### DATA FOR THIS EXERCISE
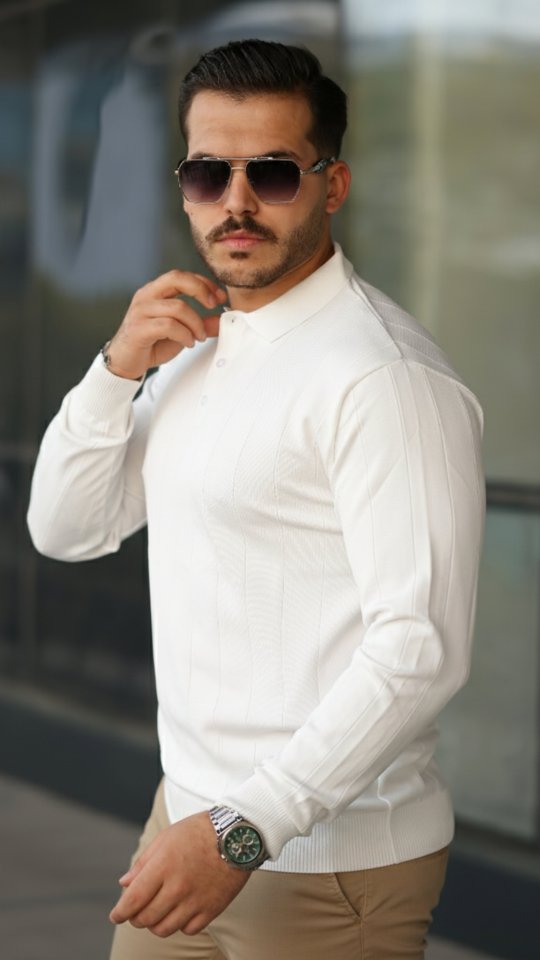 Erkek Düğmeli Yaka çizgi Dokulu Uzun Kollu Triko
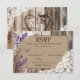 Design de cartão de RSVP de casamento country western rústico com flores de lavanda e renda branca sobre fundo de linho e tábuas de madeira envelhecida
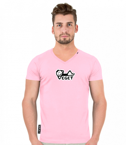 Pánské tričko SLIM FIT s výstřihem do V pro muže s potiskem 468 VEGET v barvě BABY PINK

---

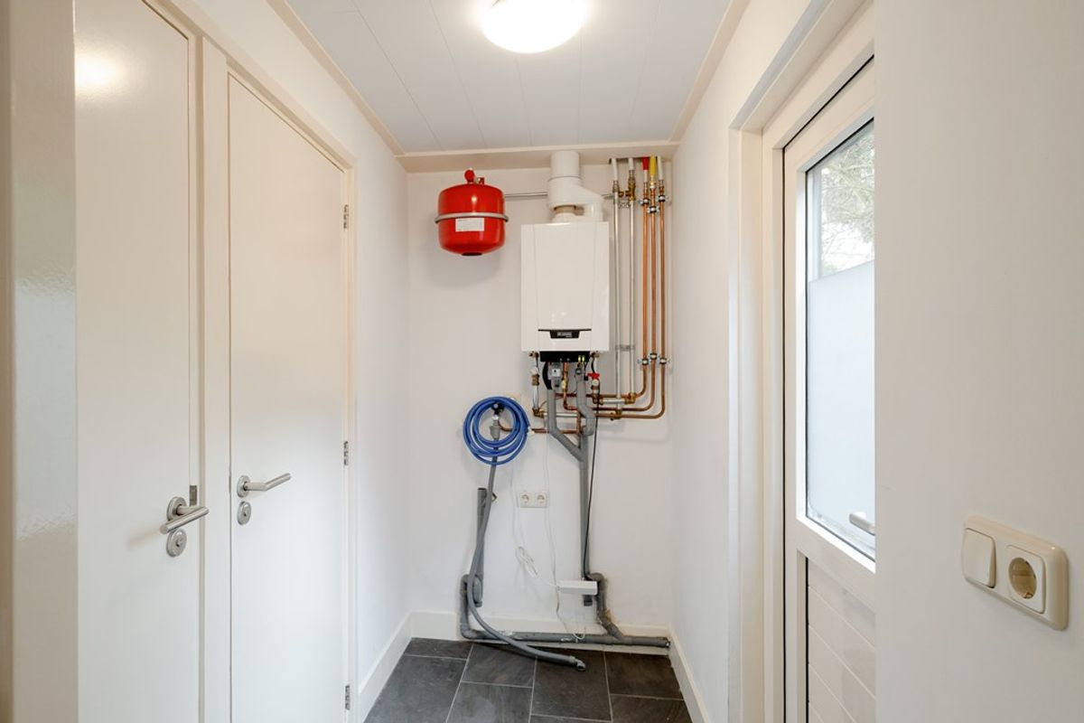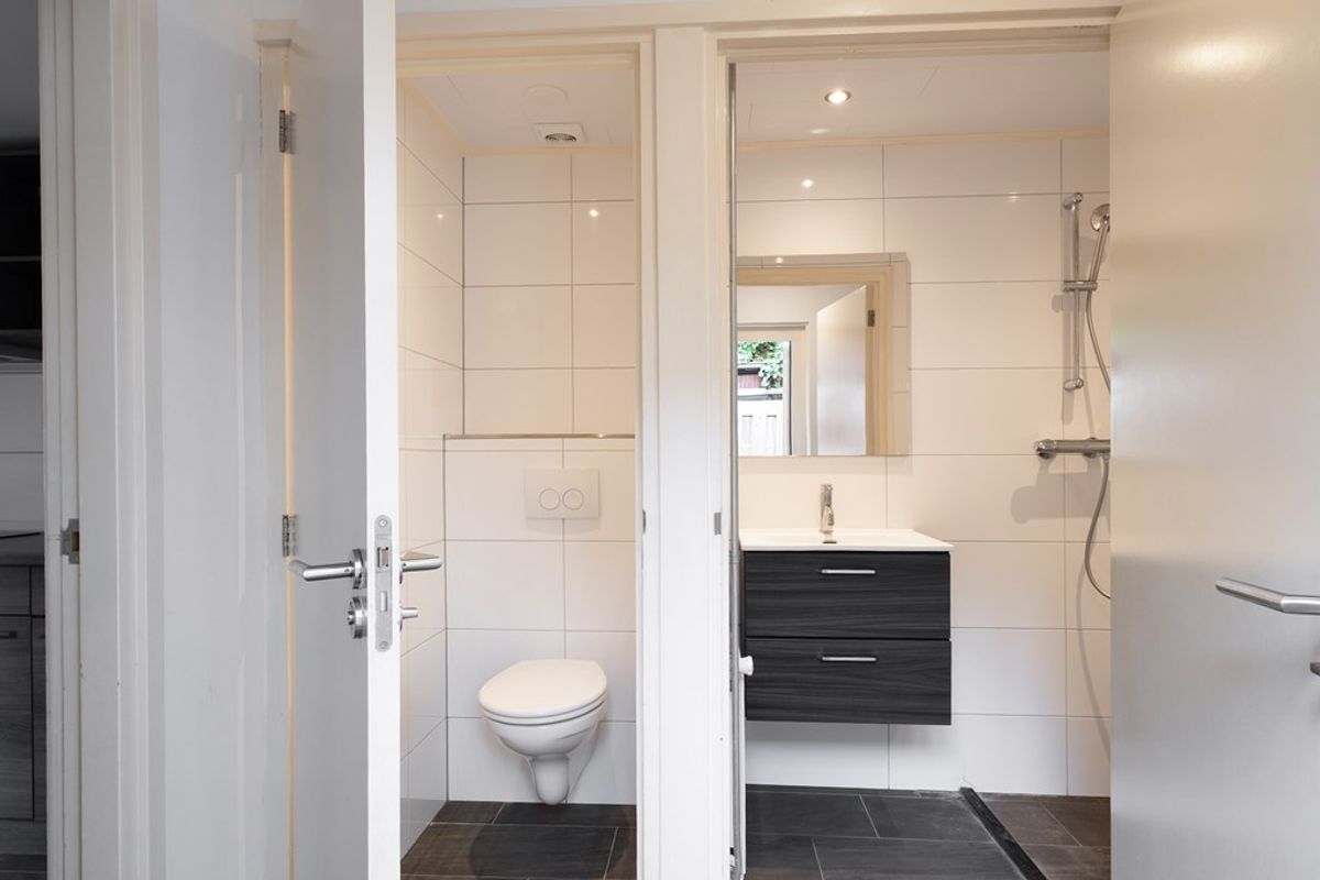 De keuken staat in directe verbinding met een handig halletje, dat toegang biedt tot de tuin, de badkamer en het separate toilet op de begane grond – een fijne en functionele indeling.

==

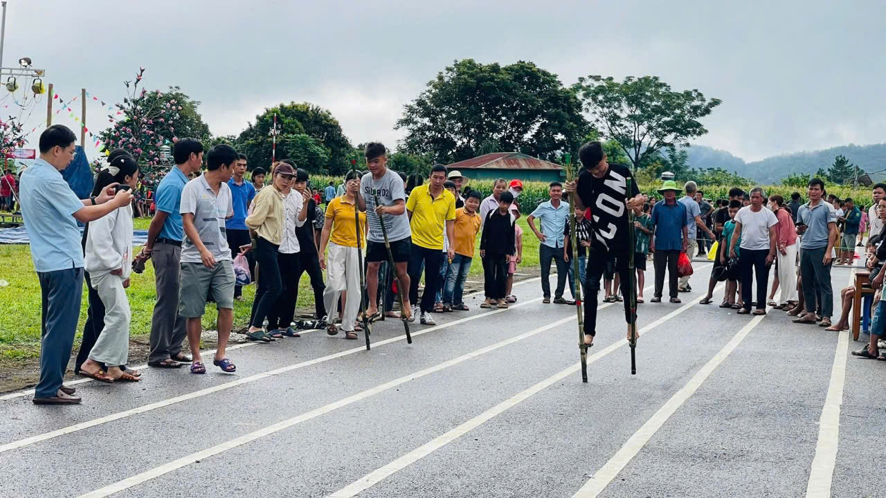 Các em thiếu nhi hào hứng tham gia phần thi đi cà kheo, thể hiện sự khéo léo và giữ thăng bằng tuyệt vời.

### TASK TO COMPLETE
Please output, exactly as written, the lines above from the one holding "Erkek Düğmeli Yaka" through the one holding "Design de cartão", both included, with the pictures omitted.

### SOLUTION TO THE EXERCISE
 Erkek Düğmeli Yaka çizgi Dokulu Uzun Kollu Triko
 Design de cartão de RSVP de casamento country western rústico com flores de lavanda e renda branca sobre fundo de linho e tábuas de madeira envelhecida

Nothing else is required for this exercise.